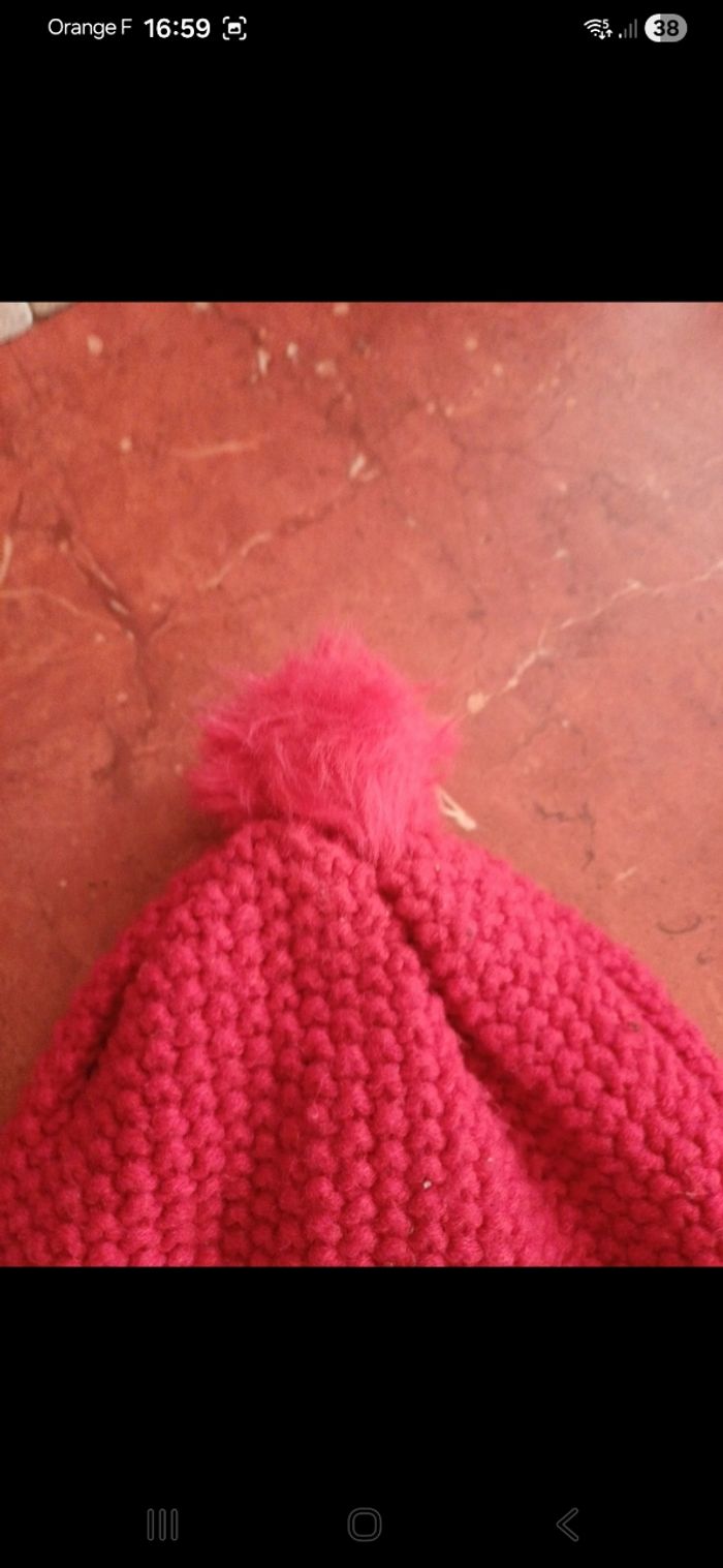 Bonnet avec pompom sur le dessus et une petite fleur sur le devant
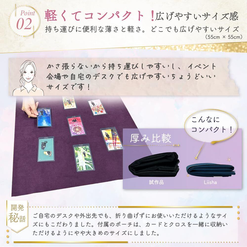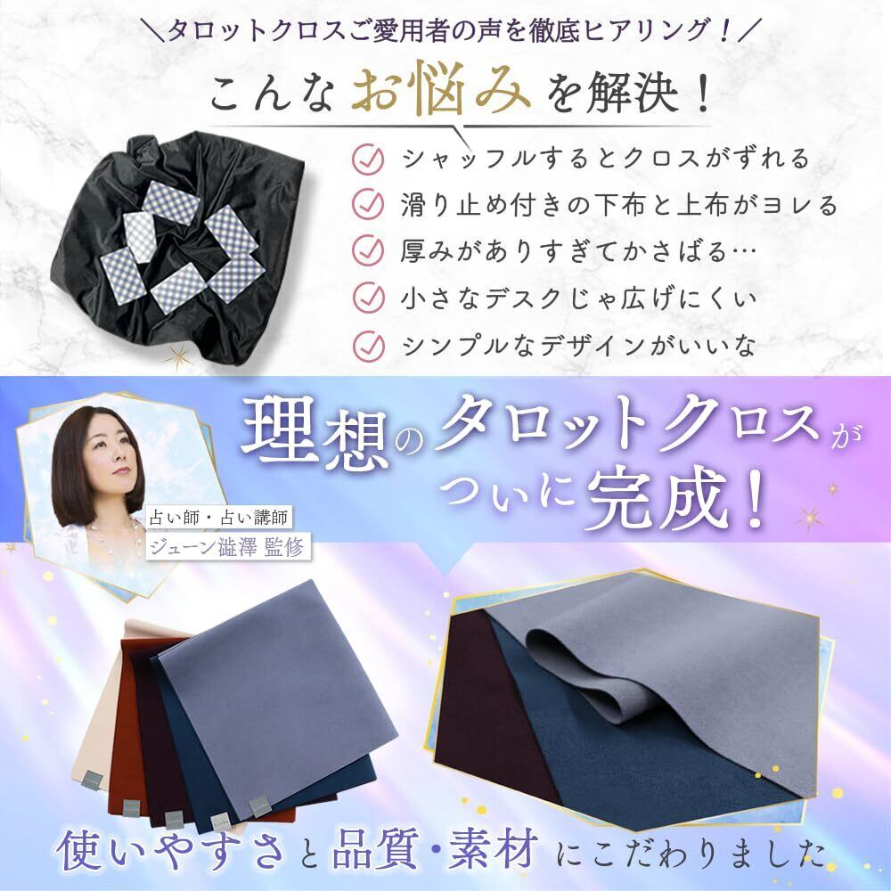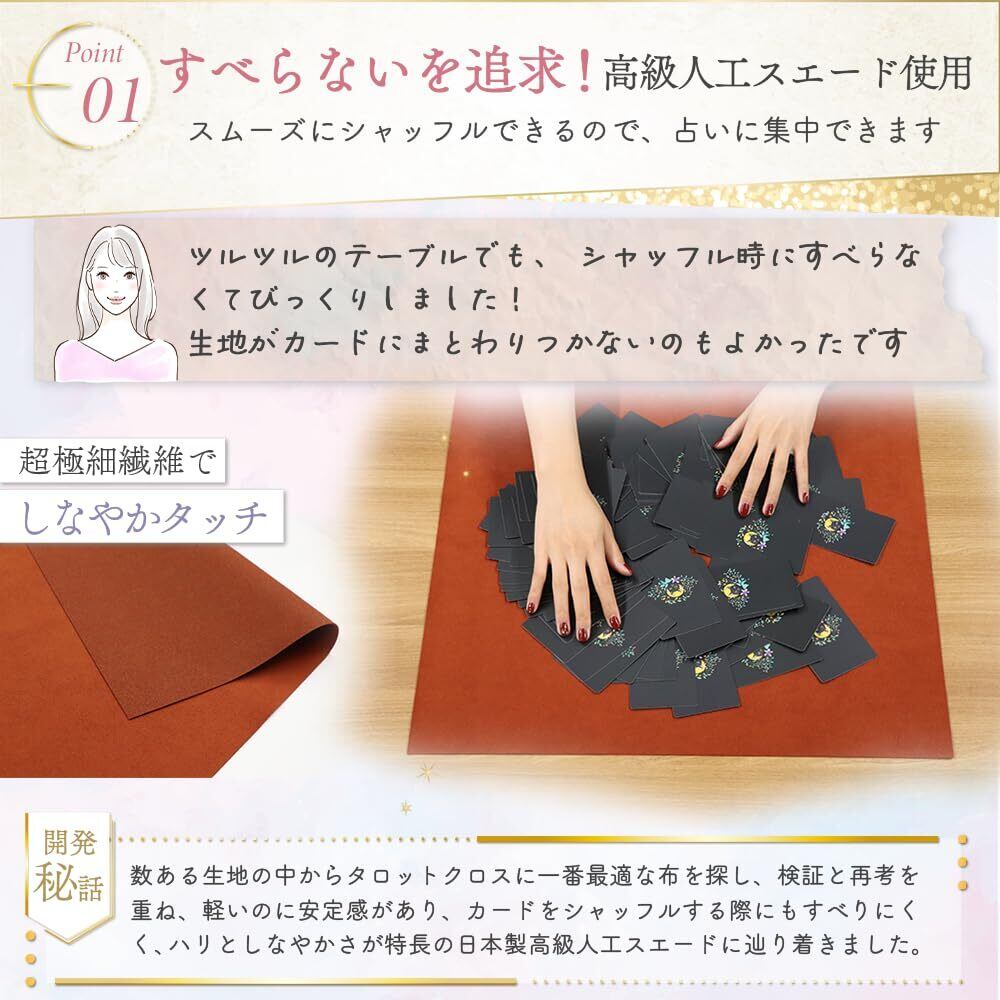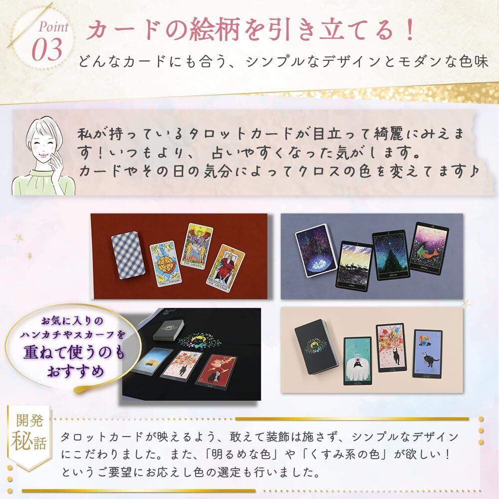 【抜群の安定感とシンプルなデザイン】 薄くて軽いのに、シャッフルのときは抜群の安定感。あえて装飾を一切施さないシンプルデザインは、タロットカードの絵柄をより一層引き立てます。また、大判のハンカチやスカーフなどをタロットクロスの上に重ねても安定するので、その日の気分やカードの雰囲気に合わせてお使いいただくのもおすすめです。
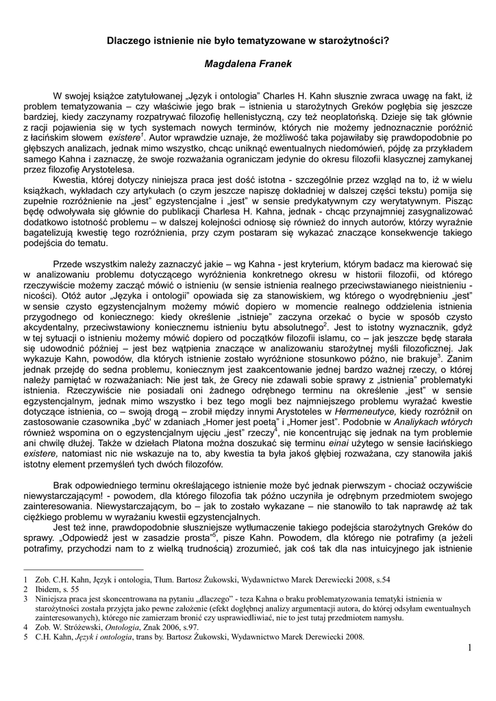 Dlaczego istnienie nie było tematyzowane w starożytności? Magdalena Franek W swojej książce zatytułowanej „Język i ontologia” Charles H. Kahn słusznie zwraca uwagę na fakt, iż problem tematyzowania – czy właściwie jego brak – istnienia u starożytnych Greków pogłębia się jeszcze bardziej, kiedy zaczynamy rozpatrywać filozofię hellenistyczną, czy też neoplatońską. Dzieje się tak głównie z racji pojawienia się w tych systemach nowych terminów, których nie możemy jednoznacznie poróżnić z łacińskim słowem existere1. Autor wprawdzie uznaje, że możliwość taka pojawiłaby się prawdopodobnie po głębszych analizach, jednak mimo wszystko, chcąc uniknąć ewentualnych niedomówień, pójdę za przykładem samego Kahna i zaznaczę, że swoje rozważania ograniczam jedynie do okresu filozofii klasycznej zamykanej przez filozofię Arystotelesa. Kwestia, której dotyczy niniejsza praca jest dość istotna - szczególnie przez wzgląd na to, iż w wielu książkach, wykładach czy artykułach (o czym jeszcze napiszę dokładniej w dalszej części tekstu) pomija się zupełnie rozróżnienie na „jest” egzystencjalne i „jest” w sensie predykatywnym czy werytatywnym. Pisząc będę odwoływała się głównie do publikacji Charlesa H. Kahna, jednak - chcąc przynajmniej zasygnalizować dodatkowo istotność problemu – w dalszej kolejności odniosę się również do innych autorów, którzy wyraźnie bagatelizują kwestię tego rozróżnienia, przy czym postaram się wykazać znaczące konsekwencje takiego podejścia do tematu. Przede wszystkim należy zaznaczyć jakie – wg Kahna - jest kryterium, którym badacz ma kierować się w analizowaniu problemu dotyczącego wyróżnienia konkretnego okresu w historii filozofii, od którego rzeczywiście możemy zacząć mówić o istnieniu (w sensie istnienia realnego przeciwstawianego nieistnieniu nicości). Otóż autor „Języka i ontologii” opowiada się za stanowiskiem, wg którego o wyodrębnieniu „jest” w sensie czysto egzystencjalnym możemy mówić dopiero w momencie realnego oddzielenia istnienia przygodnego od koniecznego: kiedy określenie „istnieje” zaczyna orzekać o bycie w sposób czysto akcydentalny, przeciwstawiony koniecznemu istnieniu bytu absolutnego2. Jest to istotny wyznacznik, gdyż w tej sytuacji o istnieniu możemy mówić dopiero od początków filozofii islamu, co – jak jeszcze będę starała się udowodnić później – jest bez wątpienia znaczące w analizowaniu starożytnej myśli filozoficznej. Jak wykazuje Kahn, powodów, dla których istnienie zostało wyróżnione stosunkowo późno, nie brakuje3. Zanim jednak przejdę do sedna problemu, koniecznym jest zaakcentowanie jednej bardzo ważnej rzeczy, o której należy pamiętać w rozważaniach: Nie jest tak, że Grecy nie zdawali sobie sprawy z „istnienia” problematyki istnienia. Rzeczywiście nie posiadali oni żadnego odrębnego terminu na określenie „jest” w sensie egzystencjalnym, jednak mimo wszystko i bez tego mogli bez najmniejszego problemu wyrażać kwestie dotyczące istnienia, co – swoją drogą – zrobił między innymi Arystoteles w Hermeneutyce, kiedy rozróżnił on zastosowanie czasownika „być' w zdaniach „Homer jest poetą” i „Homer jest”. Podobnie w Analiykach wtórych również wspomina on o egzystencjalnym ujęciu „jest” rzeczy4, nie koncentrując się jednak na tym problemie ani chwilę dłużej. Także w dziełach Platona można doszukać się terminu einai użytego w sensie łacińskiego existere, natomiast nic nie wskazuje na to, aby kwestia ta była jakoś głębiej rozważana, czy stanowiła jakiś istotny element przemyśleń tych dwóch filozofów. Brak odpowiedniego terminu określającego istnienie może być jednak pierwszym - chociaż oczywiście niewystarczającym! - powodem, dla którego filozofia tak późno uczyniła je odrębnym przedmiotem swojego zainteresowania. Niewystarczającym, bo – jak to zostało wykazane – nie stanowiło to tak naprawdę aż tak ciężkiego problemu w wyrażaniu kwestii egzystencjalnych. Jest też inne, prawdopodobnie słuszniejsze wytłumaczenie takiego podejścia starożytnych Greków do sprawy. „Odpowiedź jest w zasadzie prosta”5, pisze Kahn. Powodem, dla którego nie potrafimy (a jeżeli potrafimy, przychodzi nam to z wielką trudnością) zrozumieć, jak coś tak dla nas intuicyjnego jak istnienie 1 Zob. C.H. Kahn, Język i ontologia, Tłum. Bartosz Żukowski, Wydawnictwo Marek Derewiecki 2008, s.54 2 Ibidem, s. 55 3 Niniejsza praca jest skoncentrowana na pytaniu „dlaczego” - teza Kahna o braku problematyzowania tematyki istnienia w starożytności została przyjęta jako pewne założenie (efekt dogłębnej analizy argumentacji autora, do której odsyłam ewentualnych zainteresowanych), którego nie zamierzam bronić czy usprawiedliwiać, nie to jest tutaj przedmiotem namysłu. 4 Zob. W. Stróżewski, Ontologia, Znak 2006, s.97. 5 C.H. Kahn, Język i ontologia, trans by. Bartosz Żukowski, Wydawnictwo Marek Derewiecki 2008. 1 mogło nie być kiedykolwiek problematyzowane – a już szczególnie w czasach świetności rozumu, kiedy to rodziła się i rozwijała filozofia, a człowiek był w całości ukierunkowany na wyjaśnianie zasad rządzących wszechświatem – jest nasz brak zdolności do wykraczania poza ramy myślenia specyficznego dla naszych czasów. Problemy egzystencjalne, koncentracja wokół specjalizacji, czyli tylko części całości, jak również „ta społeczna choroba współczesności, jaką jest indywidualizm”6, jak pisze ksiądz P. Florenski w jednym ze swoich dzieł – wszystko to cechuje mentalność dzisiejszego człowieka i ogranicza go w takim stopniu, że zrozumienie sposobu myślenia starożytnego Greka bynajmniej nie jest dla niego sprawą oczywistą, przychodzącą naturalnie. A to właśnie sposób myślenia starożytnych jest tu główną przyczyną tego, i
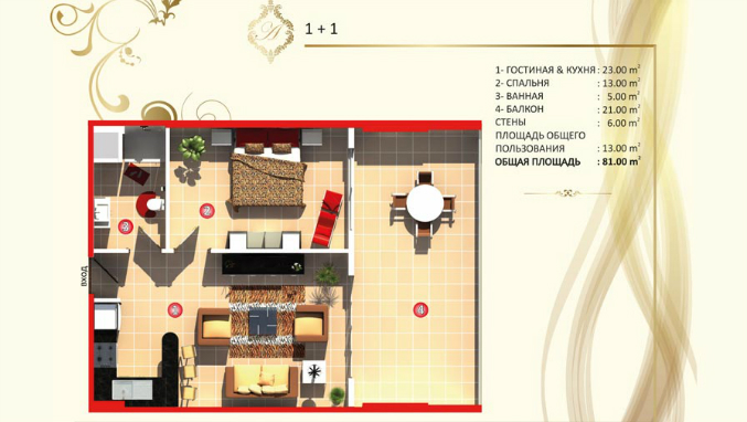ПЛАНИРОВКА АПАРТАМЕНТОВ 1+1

## Problem statement
Once the pictures are set aside, give the listing again word for word.

## Output
 Bonnet avec pompom sur le dessus et une petite fleur sur le devant
 【抜群の安定感とシンプルなデザイン】 薄くて軽いのに、シャッフルのときは抜群の安定感。あえて装飾を一切施さないシンプルデザインは、タロットカードの絵柄をより一層引き立てます。また、大判のハンカチやスカーフなどをタロットクロスの上に重ねても安定するので、その日の気分やカードの雰囲気に合わせてお使いいただくのもおすすめです。
 Dlaczego istnienie nie było tematyzowane w starożytności? Magdalena Franek W swojej książce zatytułowanej „Język i ontologia” Charles H. Kahn słusznie zwraca uwagę na fakt, iż problem tematyzowania – czy właściwie jego brak – istnienia u starożytnych Greków pogłębia się jeszcze bardziej, kiedy zaczynamy rozpatrywać filozofię hellenistyczną, czy też neoplatońską. Dzieje się tak głównie z racji pojawienia się w tych systemach nowych terminów, których nie możemy jednoznacznie poróżnić z łacińskim słowem existere1. Autor wprawdzie uznaje, że możliwość taka pojawiłaby się prawdopodobnie po głębszych analizach, jednak mimo wszystko, chcąc uniknąć ewentualnych niedomówień, pójdę za przykładem samego Kahna i zaznaczę, że swoje rozważania ograniczam jedynie do okresu filozofii klasycznej zamykanej przez filozofię Arystotelesa. Kwestia, której dotyczy niniejsza praca jest dość istotna - szczególnie przez wzgląd na to, iż w wielu książkach, wykładach czy artykułach (o czym jeszcze napiszę dokładniej w dalszej części tekstu) pomija się zupełnie rozróżnienie na „jest” egzystencjalne i „jest” w sensie predykatywnym czy werytatywnym. Pisząc będę odwoływała się głównie do publikacji Charlesa H. Kahna, jednak - chcąc przynajmniej zasygnalizować dodatkowo istotność problemu – w dalszej kolejności odniosę się również do innych autorów, którzy wyraźnie bagatelizują kwestię tego rozróżnienia, przy czym postaram się wykazać znaczące konsekwencje takiego podejścia do tematu. Przede wszystkim należy zaznaczyć jakie – wg Kahna - jest kryterium, którym badacz ma kierować się w analizowaniu problemu dotyczącego wyróżnienia konkretnego okresu w historii filozofii, od którego rzeczywiście możemy zacząć mówić o istnieniu (w sensie istnienia realnego przeciwstawianego nieistnieniu nicości). Otóż autor „Języka i ontologii” opowiada się za stanowiskiem, wg którego o wyodrębnieniu „jest” w sensie czysto egzystencjalnym możemy mówić dopiero w momencie realnego oddzielenia istnienia przygodnego od koniecznego: kiedy określenie „istnieje” zaczyna orzekać o bycie w sposób czysto akcydentalny, przeciwstawiony koniecznemu istnieniu bytu absolutnego2. Jest to istotny wyznacznik, gdyż w tej sytuacji o istnieniu możemy mówić dopiero od początków filozofii islamu, co – jak jeszcze będę starała się udowodnić później – jest bez wątpienia znaczące w analizowaniu starożytnej myśli filozoficznej. Jak wykazuje Kahn, powodów, dla których istnienie zostało wyróżnione stosunkowo późno, nie brakuje3. Zanim jednak przejdę do sedna problemu, koniecznym jest zaakcentowanie jednej bardzo ważnej rzeczy, o której należy pamiętać w rozważaniach: Nie jest tak, że Grecy nie zdawali sobie sprawy z „istnienia” problematyki istnienia. Rzeczywiście nie posiadali oni żadnego odrębnego terminu na określenie „jest” w sensie egzystencjalnym, jednak mimo wszystko i bez tego mogli bez najmniejszego problemu wyrażać kwestie dotyczące istnienia, co – swoją drogą – zrobił między innymi Arystoteles w Hermeneutyce, kiedy rozróżnił on zastosowanie czasownika „być' w zdaniach „Homer jest poetą” i „Homer jest”. Podobnie w Analiykach wtórych również wspomina on o egzystencjalnym ujęciu „jest” rzeczy4, nie koncentrując się jednak na tym problemie ani chwilę dłużej. Także w dziełach Platona można doszukać się terminu einai użytego w sensie łacińskiego existere, natomiast nic nie wskazuje na to, aby kwestia ta była jakoś głębiej rozważana, czy stanowiła jakiś istotny element przemyśleń tych dwóch filozofów. Brak odpowiedniego terminu określającego istnienie może być jednak pierwszym - chociaż oczywiście niewystarczającym! - powodem, dla którego filozofia tak późno uczyniła je odrębnym przedmiotem swojego zainteresowania. Niewystarczającym, bo – jak to zostało wykazane – nie stanowiło to tak naprawdę aż tak ciężkiego problemu w wyrażaniu kwestii egzystencjalnych. Jest też inne, prawdopodobnie słuszniejsze wytłumaczenie takiego podejścia starożytnych Greków do sprawy. „Odpowiedź jest w zasadzie prosta”5, pisze Kahn. Powodem, dla którego nie potrafimy (a jeżeli potrafimy, przychodzi nam to z wielką trudnością) zrozumieć, jak coś tak dla nas intuicyjnego jak istnienie 1 Zob. C.H. Kahn, Język i ontologia, Tłum. Bartosz Żukowski, Wydawnictwo Marek Derewiecki 2008, s.54 2 Ibidem, s. 55 3 Niniejsza praca jest skoncentrowana na pytaniu „dlaczego” - teza Kahna o braku problematyzowania tematyki istnienia w starożytności została przyjęta jako pewne założenie (efekt dogłębnej analizy argumentacji autora, do której odsyłam ewentualnych zainteresowanych), którego nie zamierzam bronić czy usprawiedliwiać, nie to jest tutaj przedmiotem namysłu. 4 Zob. W. Stróżewski, Ontologia, Znak 2006, s.97. 5 C.H. Kahn, Język i ontologia, trans by. Bartosz Żukowski, Wydawnictwo Marek Derewiecki 2008. 1 mogło nie być kiedykolwiek problematyzowane – a już szczególnie w czasach świetności rozumu, kiedy to rodziła się i rozwijała filozofia, a człowiek był w całości ukierunkowany na wyjaśnianie zasad rządzących wszechświatem – jest nasz brak zdolności do wykraczania poza ramy myślenia specyficznego dla naszych czasów. Problemy egzystencjalne, koncentracja wokół specjalizacji, czyli tylko części całości, jak również „ta społeczna choroba współczesności, jaką jest indywidualizm”6, jak pisze ksiądz P. Florenski w jednym ze swoich dzieł – wszystko to cechuje mentalność dzisiejszego człowieka i ogranicza go w takim stopniu, że zrozumienie sposobu myślenia starożytnego Greka bynajmniej nie jest dla niego sprawą oczywistą, przychodzącą naturalnie. A to właśnie sposób myślenia starożytnych jest tu główną przyczyną tego, i
ПЛАНИРОВКА АПАРТАМЕНТОВ 1+1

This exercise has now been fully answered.